1) Microeconomics is the study of behaviour of individual economic units, basically consumers and firms, which interact in the market of different goods and services. It analyses how consumers make their consumption choices and take decisions, given their incomes and prices of goods and services. Similarly, it analyses how firms decide how much to produce by applying different input combinations. It also helps in determining prices, in both the commodity and factor markets, based on the demand and supply analysis. Thus, microeconomics is a study that basically focuses on the behaviour of individual economic units.

2) Partial equilibrium is an equilibrium situation achieved taking into consideration only a part of the market condition. That is, it is the equilibrium with regard to an individual unit assuming the effect of other units and variables constant. In other words, it is based on the assumption of “other things remaining constant”. It neglects the interdependence among variables. Thus, microeconomic analysis is regarded as partial equilibrium.

3) Economic efficiency can be defined as a situation in which welfare of the society is maximised. Microeconomics focuses on utilising scarce resources in a way that the public/social welfare is maximised. Economic efficiency involves attainment of efficiency along the following three aspects.
  1. Production efficiency: It refers to producing the maximum amount of output from the available resources.
  2. Consumption efficiency: It refers to distributing the produced goods and services among the various consumers in such a manner that the overall social welfare is maximised.
  3. Overall economic efficiency: It refers to efficiency with regard to the production mix. In other words, it refers to producing that combination of goods and services that provide maximum satisfaction to the people.
4) Individual economic unit refers to a single variable such as an individual firm, a particular household, the price of an individual commodity and wages/income of an individual. The behaviour of individual economic units is studied under microeconomics.

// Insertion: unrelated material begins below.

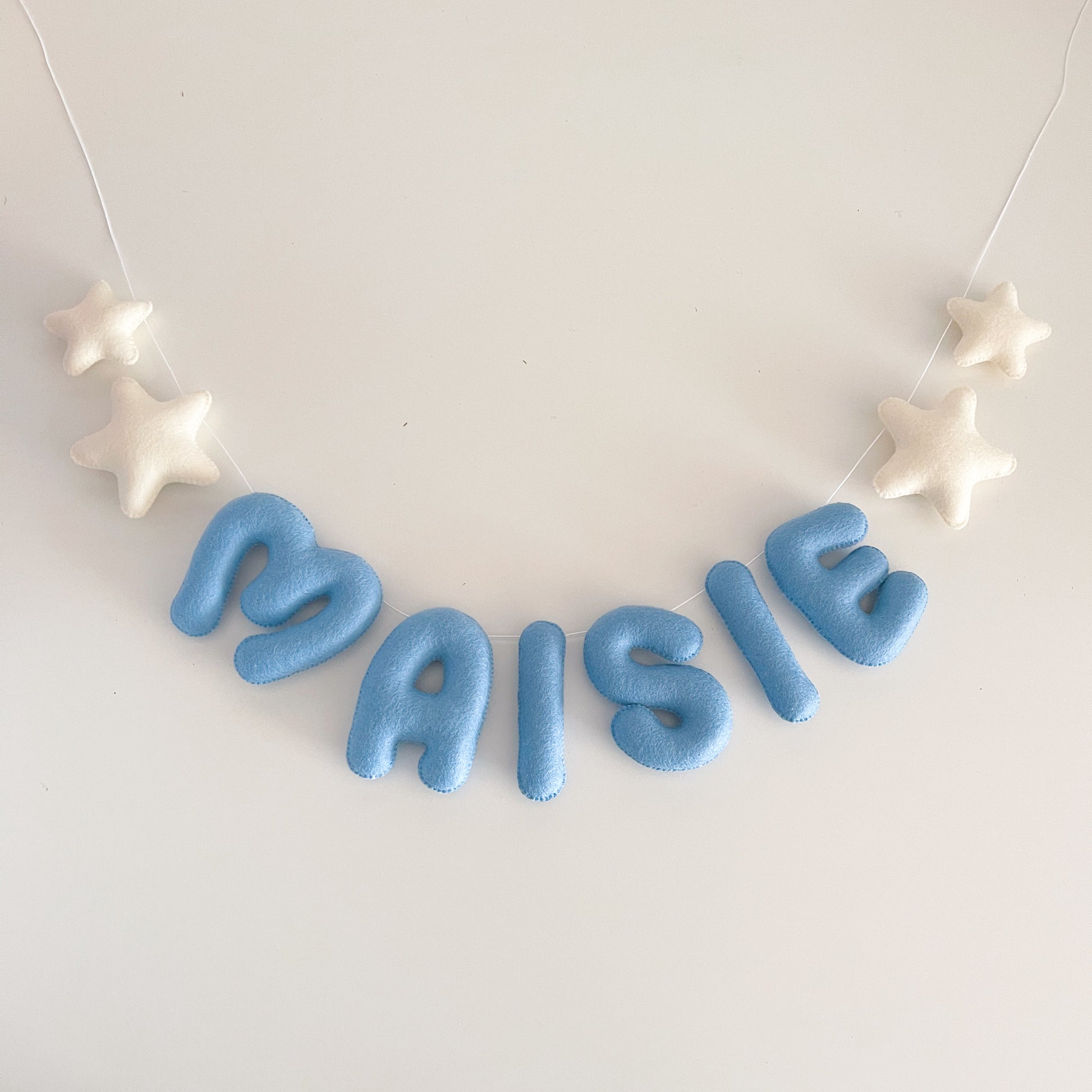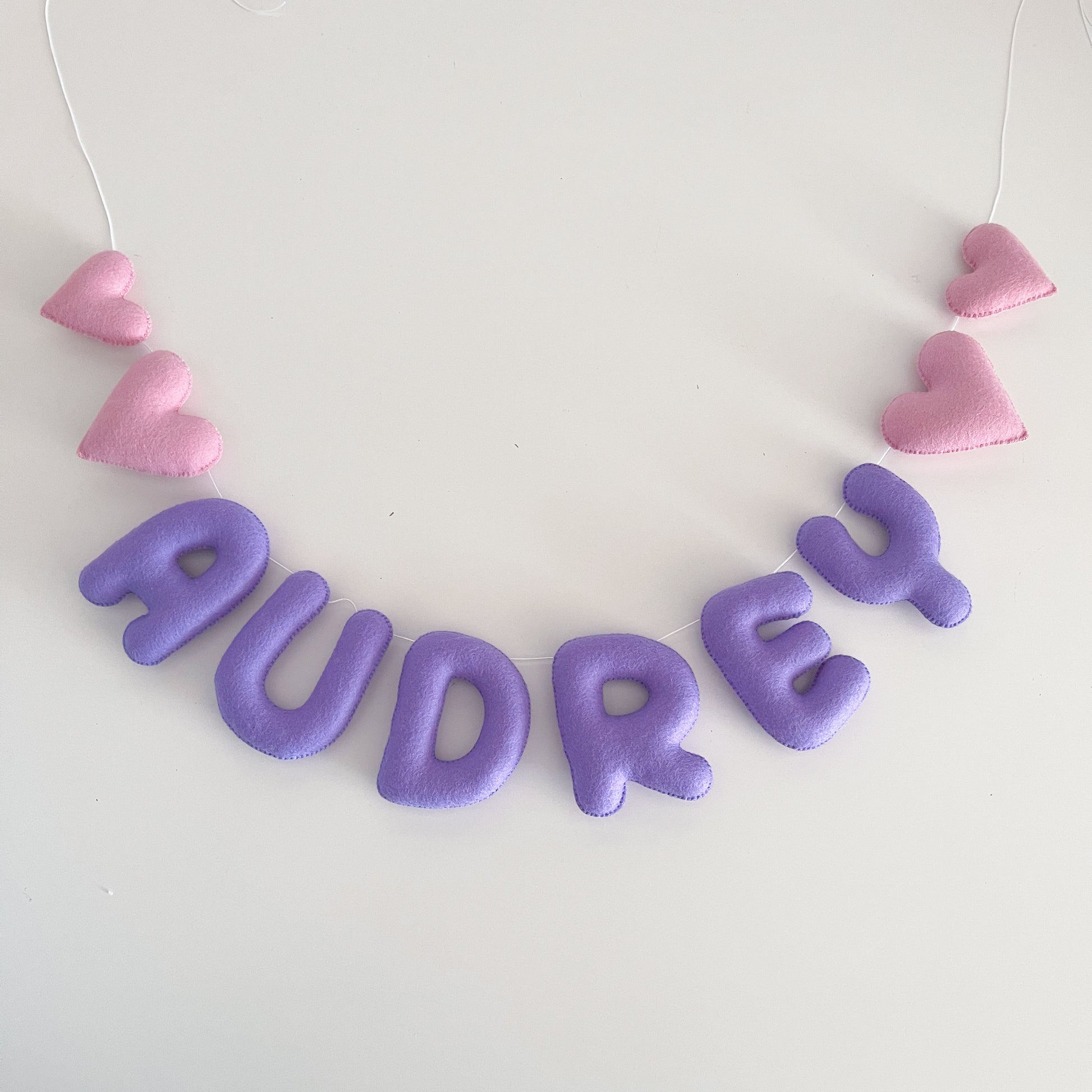 This name garland includes 2 felt shapes at each end.

5) Resource allocation refers to the distribution of resources among competing groups. These resources may be natural resources, money, labour, etc., which the producers use in production processes to produce goods. Resource allocation involves making decisions regarding how the resources should be allocated to each group such that they can be utilised in the best possible manner providing maximum gains to the society. The decision regarding resource allocation is particularly important because resources are scarce and also have competing uses. Thus, effort must be made to use them efficiently and optimally.